FMV Galeri Işık Teşvikiye, İsmet İnönü’nün torunu, FMV Yönetim Kurulu Üyesi Eren İnönü’nün “Görünmeyen Anıtlar” isimli fotoğraf standına mesken sahipliği yapıyor. Stant, kentsel yapının farkedilmeyen yapılarına odaklanıyor.

FMV Galeri Işık Teşvikiye, İsmet İnönü’nün torunu, FMV Yönetim Kurulu Üyesi Eren İnönü’nün “Görünmeyen Anıtlar” isimli fotoğraf standını 18 Ekim’deki davetle sanatseverlerle buluşturdu. Stant açılışına ortalarında 26.Dönem Ankara Milletvekili, Avrupa Kurulu Parlamenter Meclisi Onur Üyesi ve İnönü Vakfı Lider Yardımcısı Gülsün Bilgehan, Suna ve İnan Kıraç Vakfı Kültür ve Sanat İşletmesi Genel Müdürü Özalp Birol’un da olduğu birçok isim katıldı.
Eren İnönü stantta farklı tarihlerde fotoğrafladığı, bir devrin üretim, sanayi ve kalkınma simgeleri olan lakin üretimin sıcak dumanını artık üzerinde taşımayan “bacalar”ı odağına alıyor. Kentin silüetinde olan lakin birden fazla vakit işlevsizleşen, adeta unutulan, körleştiğimiz bu yapılar “Görünmeyen Anıtlar” standı ile görünürlük kazanıyor.
KAYIP KÜLTÜREL MİRAS
İnönü, “Bacaların kendi başlarına, genelde dimdik ve tarihe meydan okurcasına duruşlarını gözlemledim.

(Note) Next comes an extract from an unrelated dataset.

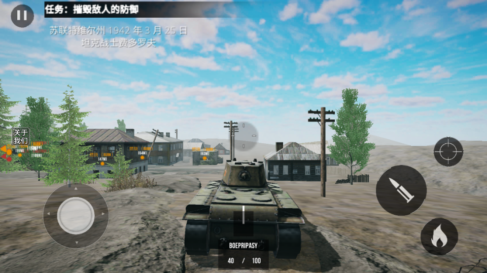 4、本任务中驾驶的坦克配备火焰喷射器,可用于破坏敌人的防御工事,打开进攻缺口。

Birden fazla kişinin dikkatini çekmeyen bacalar benim için değişimi, gelişmeyi, mimari korkuları ve hatta etraf hassaslığını sembolize ediyor” diyor ve soruyor: “Aynı anıtlar üzere bacaların neyi temsil ettiklerini ve bugün yıkılmadıklarına nazaran sanki bir sanat objesi olarak mı algılandığını, yarın ise gözden düşüp yıkılmayacağını kim bilebilir?”
Sorunun karşılığını ararken her gün önünden geçip gidilen birkaç yapıyı anımsadım: Mecidiyeköy Likör Fabrikası, Paşabahçe Şişe ve Cam Fabrikası, Paşabahçe Rakı ve İspirto Fabrikası… Cumhuriyet devrinin kalkınma atılımlarından olan bu fabrikalardan geriye bacaları kaldı. Hatta bazılarının bacaları bile yakın tarihte yok oldu. Bu yapılar sırf yitirilen sanayi merkezlerini değil; kayıp kültürel mirası da simgeliyor. Birden fazla özelleştirmeden nasibini alan kuruluşlara bir vakitler mesken sahipliği yapan bu yapılar, erken Cumhuriyet devrinde çağdaş mimarinin de birer örneğini oluşturuyordu. Eren İnönü, tıpkı bu yapılar üzere geride bir simge üzere kalan Ovaakça Doğalgaz Çevrim Santrali, Topkapı Sanayi, Dolmabahçe Sarayı, Haliç Silahtarağa bacalarını ölümsüzleştirerek, “göz önündeki unutulanı” bir defa daha anımsatıyor.

Sanatçı ve mimar Buşra Tunç’un konsept, tasarım ve görüntü yerleştirmelerini üstlendiği stant, sadece fotoğraflardan oluşmuyor. Tunç’un perdelerle yaratılan katmanlı dokunun çabucak önüne, yerin merkezine yerleştirdiği kabuğu andıran yapı, bacaları görsel olmaktan çıkarıp bedensel bir tecrübeye dönüştürüyor. Yerin pencerelerine yerleştirilen ekranlar ise hareketli imgelerle sergiyi yerin dışına genişleterek kamusal alanla birleştiriyor.
Sergi seyahatini Gaudi’nin bacalarından başlatan İnönü, anıtsallığın tarihle olduğu kadar materyal, teknik ve form ile yakından ilgisini de ortaya koyuyor. Standın geneline yayılan ritim, bir yandan anıt fikrinin mevcut toplumsal bağlama nazaran belirlenen değişkenliğini yansıtırken, başka yandan Eren İnönü’nün toplumsal fonksiyonundan ayırmadan estetikleştirdiği bu yapının çok katmanlı mana dünyasının dolaysızca duyumsanmasına imkan tanıyor.
Görünmeyen Anıtlar, 1 Kasım’a kadar Galeri Işık Teşvikiye’de ziyaret edilebilir.